Source records

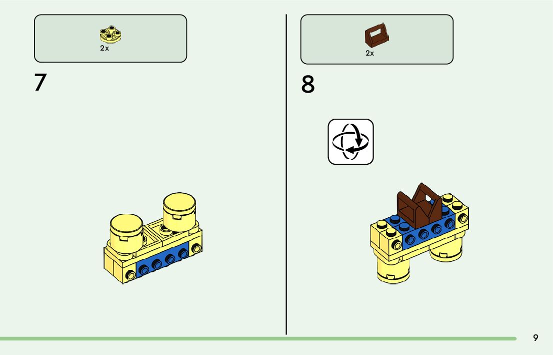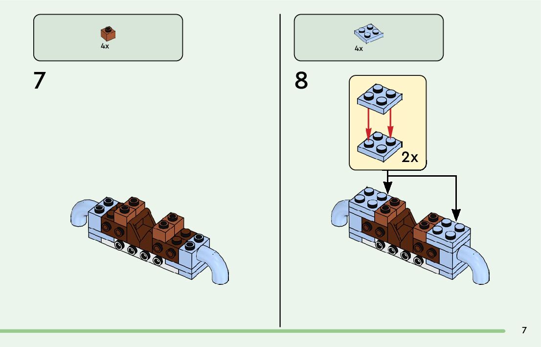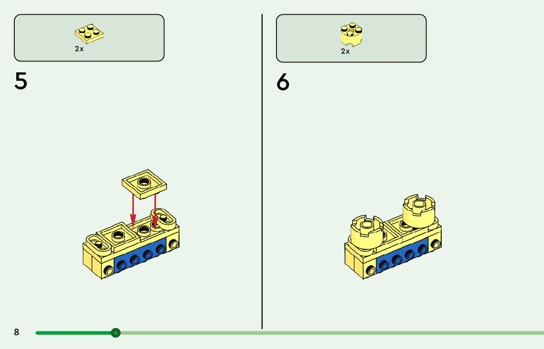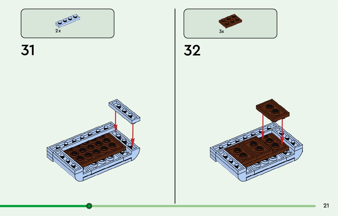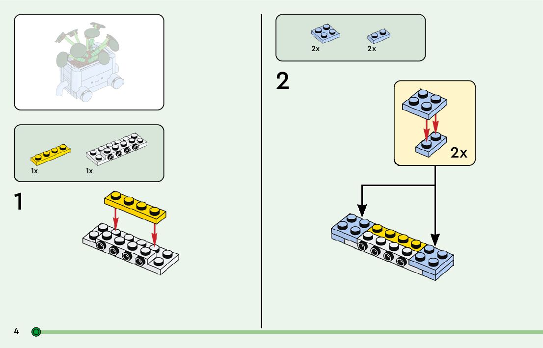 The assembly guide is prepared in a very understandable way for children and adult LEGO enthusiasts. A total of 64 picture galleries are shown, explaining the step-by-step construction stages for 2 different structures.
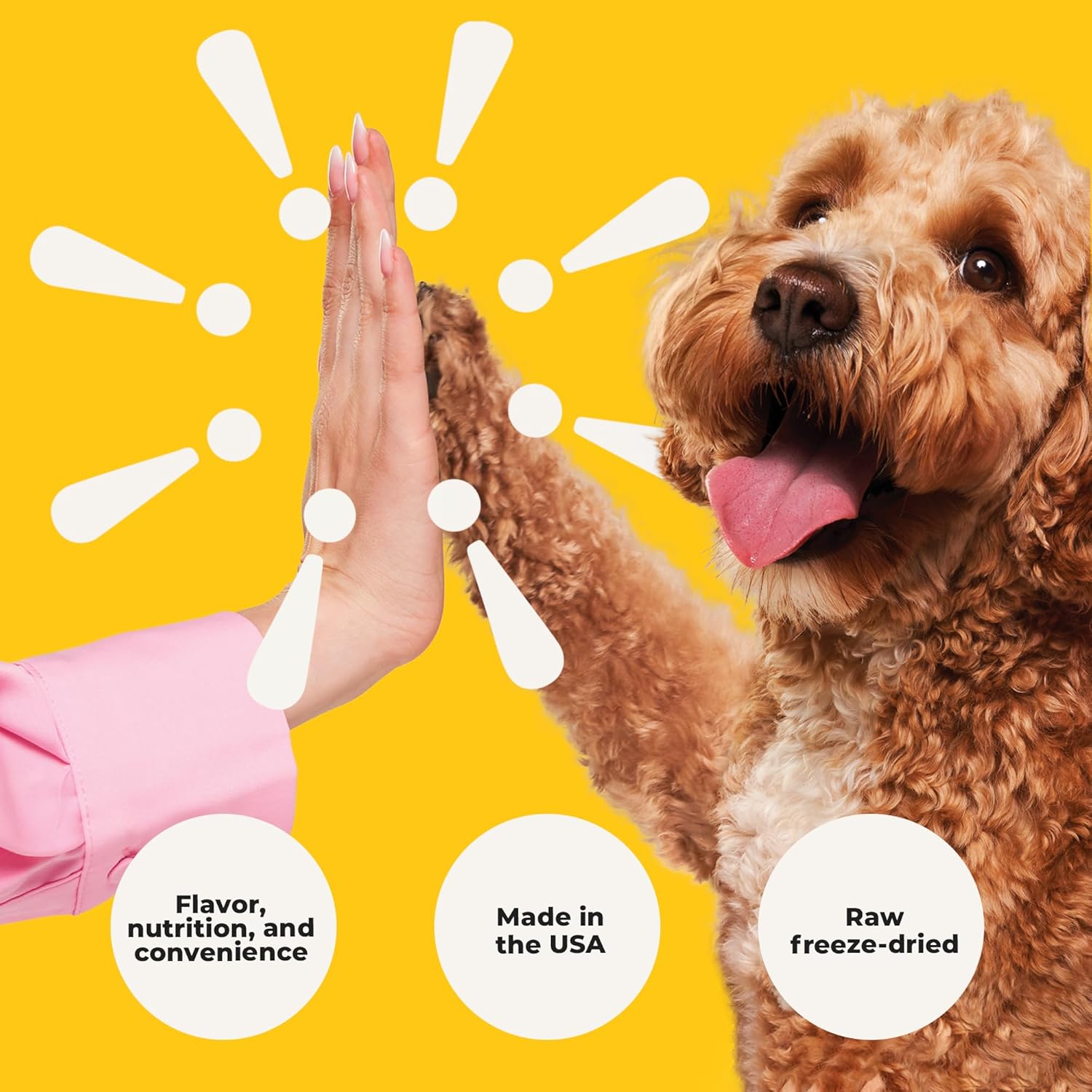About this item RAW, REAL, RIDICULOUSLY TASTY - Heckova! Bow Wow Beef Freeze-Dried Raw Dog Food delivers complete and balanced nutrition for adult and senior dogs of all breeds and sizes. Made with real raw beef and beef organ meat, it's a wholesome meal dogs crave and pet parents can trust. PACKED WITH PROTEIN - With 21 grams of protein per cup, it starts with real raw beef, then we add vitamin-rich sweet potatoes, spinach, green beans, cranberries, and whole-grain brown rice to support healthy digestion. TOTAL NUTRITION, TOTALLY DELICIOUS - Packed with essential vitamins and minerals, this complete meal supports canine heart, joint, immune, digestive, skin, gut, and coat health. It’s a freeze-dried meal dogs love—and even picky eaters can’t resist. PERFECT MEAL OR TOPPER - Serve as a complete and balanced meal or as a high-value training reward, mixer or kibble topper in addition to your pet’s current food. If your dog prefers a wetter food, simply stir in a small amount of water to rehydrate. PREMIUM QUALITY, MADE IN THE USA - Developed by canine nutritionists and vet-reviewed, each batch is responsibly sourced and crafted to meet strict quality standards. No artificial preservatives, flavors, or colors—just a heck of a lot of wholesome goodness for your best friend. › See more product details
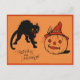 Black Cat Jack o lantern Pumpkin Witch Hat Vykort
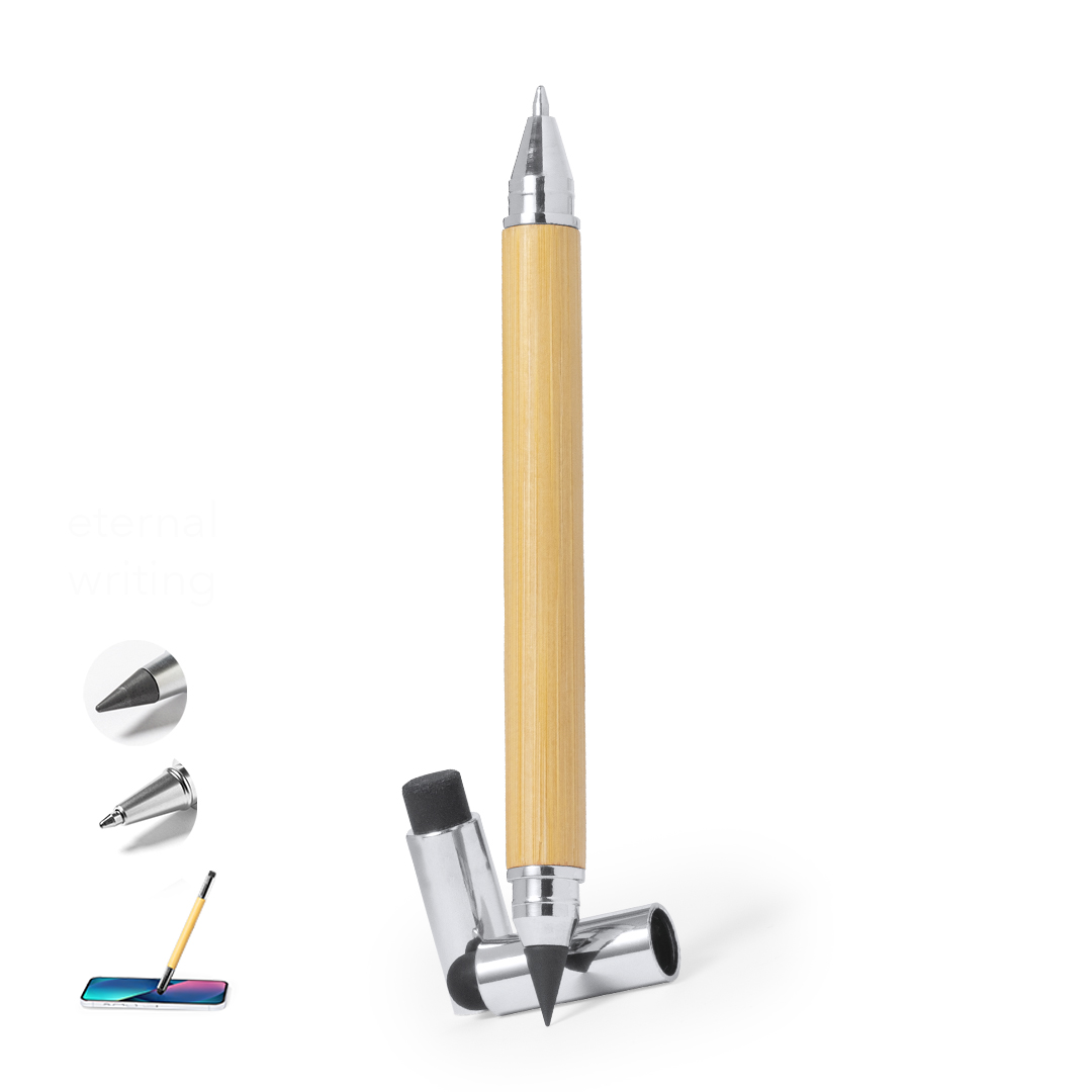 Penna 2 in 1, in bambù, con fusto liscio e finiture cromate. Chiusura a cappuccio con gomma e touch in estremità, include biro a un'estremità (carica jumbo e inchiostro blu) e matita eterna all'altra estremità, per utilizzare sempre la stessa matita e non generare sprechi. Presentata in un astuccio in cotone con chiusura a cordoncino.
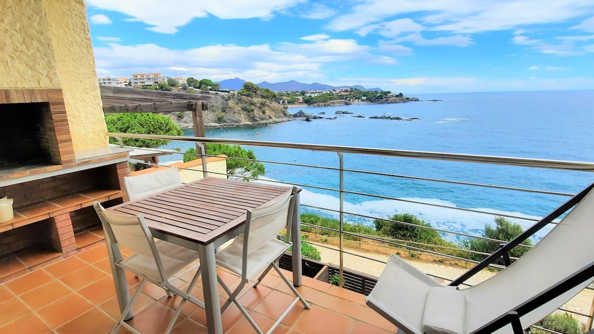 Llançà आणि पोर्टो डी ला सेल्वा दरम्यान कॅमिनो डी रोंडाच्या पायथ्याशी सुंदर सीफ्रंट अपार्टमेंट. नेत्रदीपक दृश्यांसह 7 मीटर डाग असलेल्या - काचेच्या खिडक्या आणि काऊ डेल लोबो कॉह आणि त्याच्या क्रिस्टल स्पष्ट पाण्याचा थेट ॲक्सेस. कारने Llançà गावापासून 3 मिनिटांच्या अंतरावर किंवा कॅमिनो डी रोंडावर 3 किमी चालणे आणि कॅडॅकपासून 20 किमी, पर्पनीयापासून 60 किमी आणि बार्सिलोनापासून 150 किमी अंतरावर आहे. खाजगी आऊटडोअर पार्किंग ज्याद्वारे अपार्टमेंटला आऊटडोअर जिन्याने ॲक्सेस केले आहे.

--- AIM OF THE EXERCISE ---
Exactly as they stand, the entries must be written out again, pictures excluded.

--- ANSWER SPACE ---
 The assembly guide is prepared in a very understandable way for children and adult LEGO enthusiasts. A total of 64 picture galleries are shown, explaining the step-by-step construction stages for 2 different structures.
About this item RAW, REAL, RIDICULOUSLY TASTY - Heckova! Bow Wow Beef Freeze-Dried Raw Dog Food delivers complete and balanced nutrition for adult and senior dogs of all breeds and sizes. Made with real raw beef and beef organ meat, it's a wholesome meal dogs crave and pet parents can trust. PACKED WITH PROTEIN - With 21 grams of protein per cup, it starts with real raw beef, then we add vitamin-rich sweet potatoes, spinach, green beans, cranberries, and whole-grain brown rice to support healthy digestion. TOTAL NUTRITION, TOTALLY DELICIOUS - Packed with essential vitamins and minerals, this complete meal supports canine heart, joint, immune, digestive, skin, gut, and coat health. It’s a freeze-dried meal dogs love—and even picky eaters can’t resist. PERFECT MEAL OR TOPPER - Serve as a complete and balanced meal or as a high-value training reward, mixer or kibble topper in addition to your pet’s current food. If your dog prefers a wetter food, simply stir in a small amount of water to rehydrate. PREMIUM QUALITY, MADE IN THE USA - Developed by canine nutritionists and vet-reviewed, each batch is responsibly sourced and crafted to meet strict quality standards. No artificial preservatives, flavors, or colors—just a heck of a lot of wholesome goodness for your best friend. › See more product details
 Black Cat Jack o lantern Pumpkin Witch Hat Vykort
 Penna 2 in 1, in bambù, con fusto liscio e finiture cromate. Chiusura a cappuccio con gomma e touch in estremità, include biro a un'estremità (carica jumbo e inchiostro blu) e matita eterna all'altra estremità, per utilizzare sempre la stessa matita e non generare sprechi. Presentata in un astuccio in cotone con chiusura a cordoncino.
 Llançà आणि पोर्टो डी ला सेल्वा दरम्यान कॅमिनो डी रोंडाच्या पायथ्याशी सुंदर सीफ्रंट अपार्टमेंट. नेत्रदीपक दृश्यांसह 7 मीटर डाग असलेल्या - काचेच्या खिडक्या आणि काऊ डेल लोबो कॉह आणि त्याच्या क्रिस्टल स्पष्ट पाण्याचा थेट ॲक्सेस. कारने Llançà गावापासून 3 मिनिटांच्या अंतरावर किंवा कॅमिनो डी रोंडावर 3 किमी चालणे आणि कॅडॅकपासून 20 किमी, पर्पनीयापासून 60 किमी आणि बार्सिलोनापासून 150 किमी अंतरावर आहे. खाजगी आऊटडोअर पार्किंग ज्याद्वारे अपार्टमेंटला आऊटडोअर जिन्याने ॲक्सेस केले आहे.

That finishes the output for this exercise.